In the former case a binning of 3 was used, while in the latter a target
S/N of 250 was used. This routine will load the Voronoi binned results
if VoronoiSN is not set to None, otherwise the binned results.
Parameters
----------
name : str
The name of the galaxy whose results you want.
bin : int
The spatial binning requested. Default: 3
VoronoiSN : int
The target S/N used for Voronoi binning. Only 250 is currently done.
Default: None
toget : list of str
The quantities to lead. The default is to get ZMAP (the redshift map),
ZMAP_FULL (like ZMAP but at original size if binned), VERR (the
velocity uncertainty), VERR_FULL (c.f. ZMAP_FULL), PROB (an assessment
of the probability of the cross-correlation quality),
PROB_FULL (c.f. ZMAP_FULL)
Returns
-------
result : dict
A dict with the results for each element in toget, with toget used
as keys.
Example
-------
>>> name = 'SDSS004533-010606'
>>> a = load_autoz_results(name, bin=3)
>>> a.keys()
dict_keys(['ZMAP', 'ZMAP_FULL', 'VERR', 'VERR_FULL', 'PROB', 'PROB_FULL'])
>>> a['ZMAP_FULL'].shape
(316, 315)
"""
suffix = _get_suffix(bin, VoronoiSN)
fname = os.path.join(ROOTDIR, name, name+'-autoz-'+suffix+'.fits')
hdul = fits.open(fname)
result = dict()
for t in toget:
try:
result[t] = hdul[t].data
except:
print("I did not find {0} .. skipping".format(t))
pass
return result
def load_voronoi_binning(name, VoronoiSN):
"""Load some of the information from Voronoi binning
Parameters
----------
name : str
The name of the galaxy whose results you want.
bin : int
The spatial binning requested. Default: 3
VoronoiSN : int
The target S/N used for Voronoi binning. Only 250 is currently done.
Default: None
Returns
-------
result : dict
This dictionary contains the main results of the
Voronoi binning and has the following keys:
binnum: This is an image with same size as the original
image (datacube spatial extent) and where the
pixel value is the bin that pixel belongs to.

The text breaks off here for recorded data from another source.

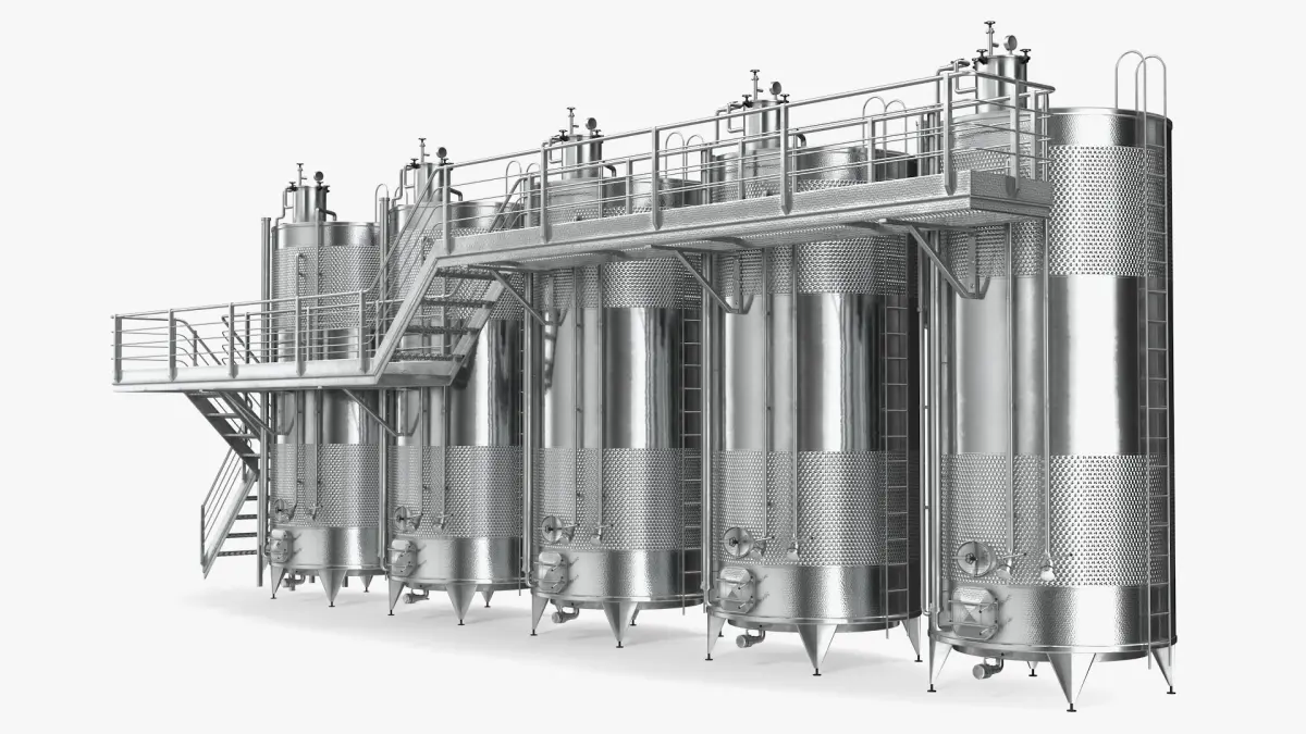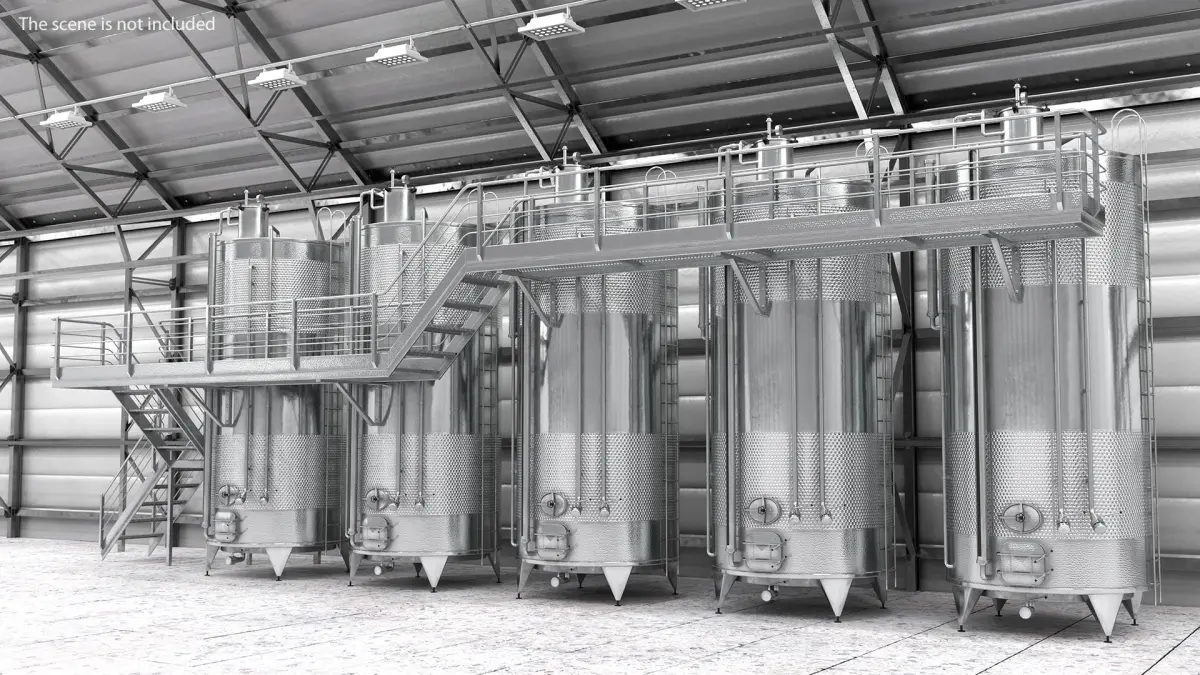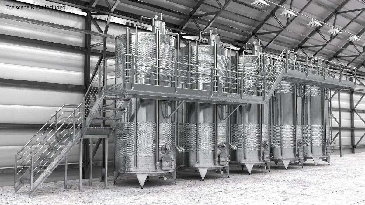 Stainless Steel Tanks Collection with Brewery Fermentation Tank a part of a restaurants and farms small traditional beer production system. Fermentation Tank a part of a restaurants and farms small traditional beer production system; Impiantinox Easybrau Velo Inliner Beer Tank System a beer microbrewery equipment; and Stainless Steel Wine Tanks Set with Stairs a modern winery specialized equipment that keeps the cap of marc submerged for the desired amount of time, and exploiting the natural CO2 that is used for traditional pumping over musts without moving the natural gas.
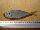 体長40cm。体は細長く側扁する。背方は暗青褐色から黄褐色。腹方は銀白色。
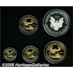 <B>1995-W 10th Anniversary American Eagle Set including the Silver Eagle.</B></I> Shunned by collectors at the time of issue, the value of the Tenth Anniversary set soared soon after it was no longer sold by the mint. The tenth-ounce, quarter-ounce, half-ounce, and one-ounce proof 1995-W gold eagles are included, however, the 1995-W<img border='0' src='http://www.heritagecoins.com/images/star.gif' width=10 height=10>$1 silver eagle is the key to a collection of proof silver eagles. All coins are essentially immaculate, aside from a hint of haze on the reverse of the quarter-ounce gold piece. The box, case, and certificate of authenticity are included. 5 coins

snlimit: The target S/N used for Voronoi binning.
header: The header (with WCS) belonging to binnum.
mask: The mask used for the binning.
n_bin: The number of bins
reverse: A list where each entry contains the indices of
the pixels of each Voronoi bin belong to the
image.
area: The area of each Voronoi bin in pixels
Example
-------
>>> name = 'SDSS004533-010606'
>>> v = w.load_voronoi_binning(name, 250)
"""
voronoi_file = _voronoi_filename(name, VoronoiSN)
try:
hdul = fits.open(voronoi_file)
mainheader = hdul[0].header
snlimit = mainheader['SNLIMIT']
binnum = hdul['BINNUMBER'].data
hdr = hdul['BINNUMBER'].header
mask = hdul['MASK'].data
hdul.close()
n_bin = np.max(binnum).astype(int)
# And we will need the reverse lookup. This is inefficient
# in python compared to IDL.
r = []
area = []
for i in range(n_bin+1):
inds = np.where(binnum == i)
r.append(inds)
area.append(len(inds))
result = {'binnum': binnum, 'snlimit': snlimit, 'header': hdr,
'mask': mask, 'n_bin': n_bin, 'reverse': r, 'area': area}
except:
print("An error occurred when trying to load the Voronoi binning")
raise
result = None
return result
def voronoi_to_image(v, value):
"""Given a 1D array, use the Voronoi binning structure to convert
this to a 2D image
The issue here is when you run Voronoi binning you get a single vector,
not an image, where the value corresponds to what was had from the
Voronoi binning. To make an image you need to reapply the Voronoi binning.
Parameters
----------
v : dict returned from load_voronoi_binning
This contains the Voronoi binning information.
value : ndarray
The quantity to reform into an image.
Returns
-------
im : ndarray
An image of the quantity value.
Example
-------
This example uses multiple functions here
>>> name = 'SDSS004533-010606'
>>> v = w.load_voronoi_binning(name, 250)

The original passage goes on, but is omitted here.